De leur côté, les villes de Nancy et Reims ont bien du mal à concrétiser un axe pertinent d’échange et de créativité économique. Certains politiques de Nancy continuent à se nourrir du traumatisme hérité des bouleversements territoriaux de la guerre de 1870. Nancy est resté française et Metz est devenue allemande… Mais ce type d’enlisement idéologique ne favorise pas pour autant un quelconque dynamisme du côté des entreprise locales. La Lorraine » française » ne se porte pas très bien à l’image du département de la Meuse. Que dire des zones limitrophes comme les Vosges ou les Ardennes. Si le découpage administratif du Grand-Est est une garantie pour le maintien d’une certaine intégrité territoriale de cette partie de la France, il ne génère pas de stratégie de rebond ou d’élargissement des zones actives par rapport aux zones en difficulté ou en décomposition lente.

Faute de pouvoir unifier des élites régionales dans une démarche à géométrie variable, le système politique qui préside la destinée du Grand Est se débat dans ses contradictions géographiques. On ne construit pas une dynamique industrielle de Land allemand à partir d’une grille de lecture administrative très marquée par les relents de l’Histoire et une vision de la puissance qui reste ancrée à la garantie des frontières historiques de la France.

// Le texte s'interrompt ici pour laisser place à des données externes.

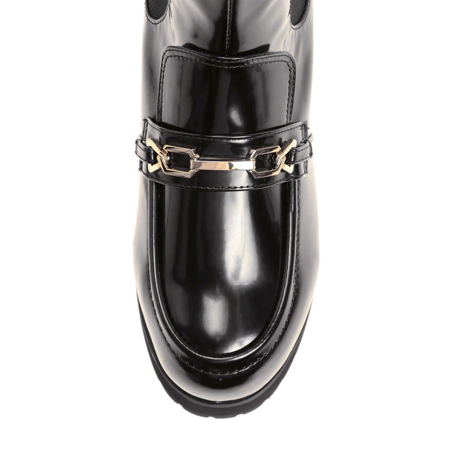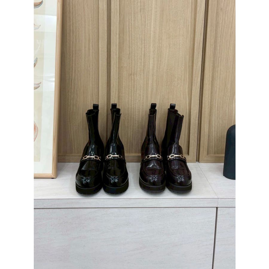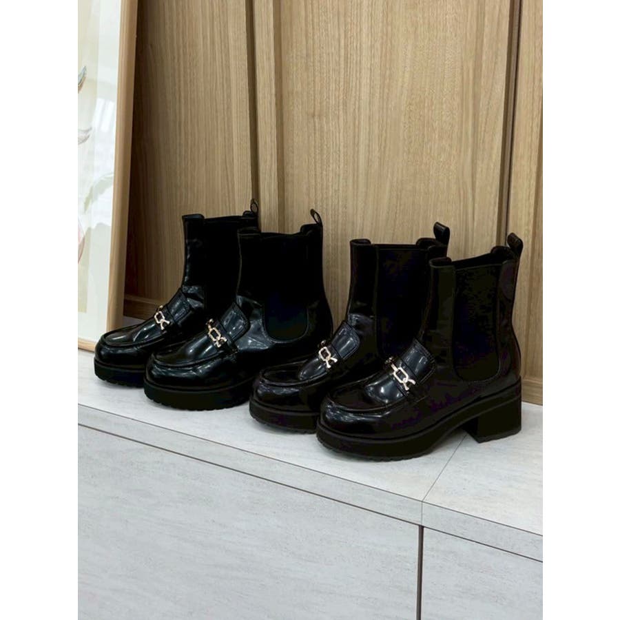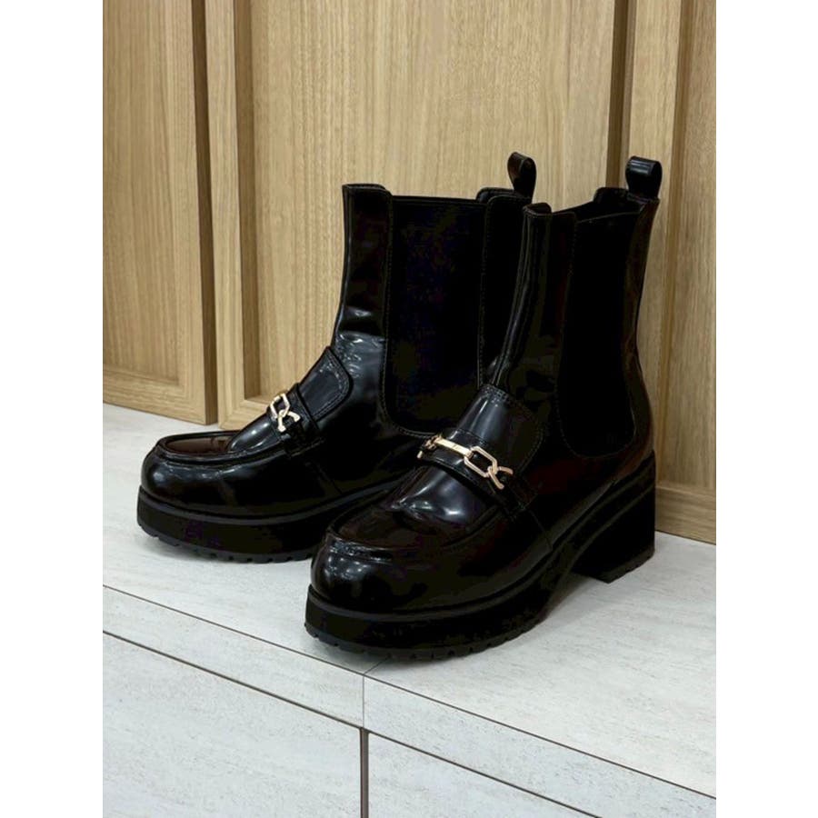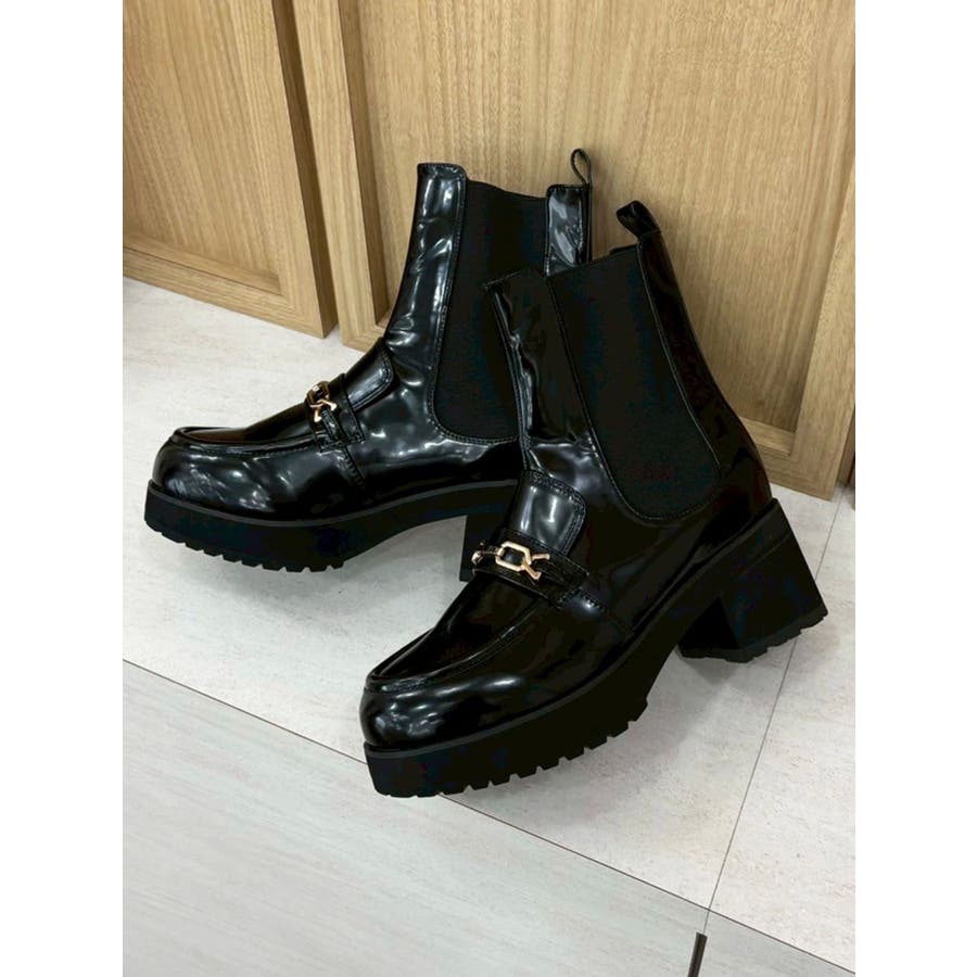 ローファーがサイドゴアブーツとドッキングしたローファーブーツ。 両側にゴムが付いており、足首に程よくフィットするので足元をスッキリと見せてくれます。 取り入れるだけで程よいトレンド感とモード感を演出してくれます。 前にもソールが付いているので、ヒールの高低差が気にならなく、履きやすく作っております。 ※写真はすべてサンプルです。※詳細画像が正しい仕様となります。【スタッフ着用レビュー】 スタッフB(普段のサイズ: 24.5cm/足の幅: 9.8cm/甲の高さ: 5.6cm/ふくらはぎ周り:34cm)38サイズ着用で少し足先に余裕がありました。フィット感があり、安定したヒールなので歩きやすいのが嬉しいです。足幅も少し余裕がありました。

Le développement des territoires implique aujourd’hui une capacité d’accepter la géométrie variable des zones d’activité efficaces et productives, y compris dans un cadre transfrontalier.  Le cas du Grand Est fait figure d’exemple parmi d’autres. Il existe d’autres territoires dans l’hexagone, qui présentent des caractéristiques comparables. Dans la perspective d’une recomposition de la stratégie de développement territorial, il est nécessaire de les laisser s’épanouir comme les Chinois avaient su le faire avec leurs zones économiques spéciales. Il ne s’agit pas en l’occurrence de zones franches mais de maillage d’activités et de liaisons marchandes qui peuvent servir de base d’appui à l’essor d’entreprises et de levier la création d’emplois.